ピアノ線は芯線と巻き線の2種類があるのですが、低音部(写真左側)は低い音を出す必要があるので芯線に銅線を巻いた太い巻き線が使われますが、古くなるとジン線とかボン線とか云われて雑音や本来の音が出ず交換の必要があります。




浜松の巻き線作りの匠、冨田さん

冨田さんは元々、実家で昔ピアノを作っていたそうで、その関係で何と小学校の高学年から巻き線を家で巻いていたそうです。

明治大学の工学部を卒業してからもこういった作業が好きなので、70歳になる現在も巻き線を巻いているので、巻き線に関しては日本でもっともベテランということになると思います。

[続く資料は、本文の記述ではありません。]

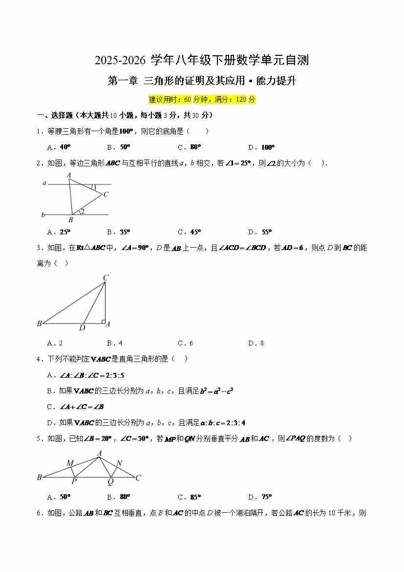 八下数学第一章 三角形的证明及其应用·提升卷(试题版A4)
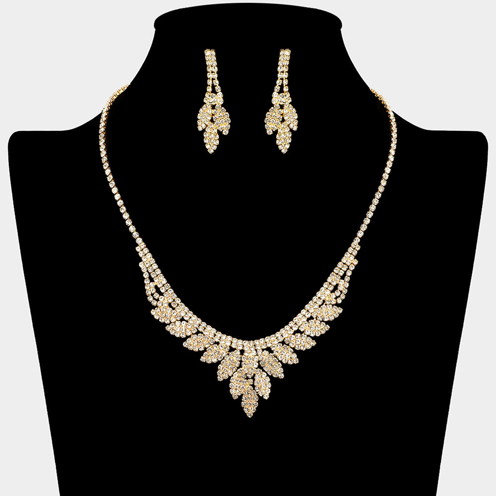 • Shine with refined elegance in this crystal leaf necklace and earring set. Designed with intricate leaf patterns and brilliant stones, it brings a graceful sparkle to any look. Perfect for weddings, parties, or formal occasions, this set adds timeless sophistication and charm.

そんなことで彼の大学ノートを少し見せてもらったのですが、様々なメーカーの機種別、年代別に、細かいデーターがびっしり書き込まれていました。

どんなデーターかといいますと、ピアノの弦というものは、弦の材質もさることながら、同じピアノでも張る弦の太さで張力が変わり、張力が変わると音色も響き具合も変わるという奥の深い話になりましたが、そのあたりも過去の試行錯誤からの彼の独自の緻密なデーターをお持ちのようでした。

興味深いことに、名人の巻いた巻き線は、同じピアノでも、明らかに気持ちが良い低音になりますので、音色や響きにこだわっていくとこの巻き線の良し悪しということが重要になってきます。

このことは新品でも弊社で時々彼の巻き線に交換することがありますが、特に古いグランドピアノの巻き線の交換では、いつも彼の巻き線を使っていますで、このことは日頃から体感しています。

浜松の大手メーカーさんの話を聞くと似たような作業ができる技術者はいるようですが今では少なく、それも彼のような年配者ばかりで、もう、若い人では、彼のような手巻きの巻き線を巻ける人は育っていないようです。

チェコのペトロフの工場内での巻き線を巻いている作業風景です。
こちらは若い女性が巻き線を巻いていましたが、もう日本では、このような手作業
の風景は見ることができなくなってきているようです。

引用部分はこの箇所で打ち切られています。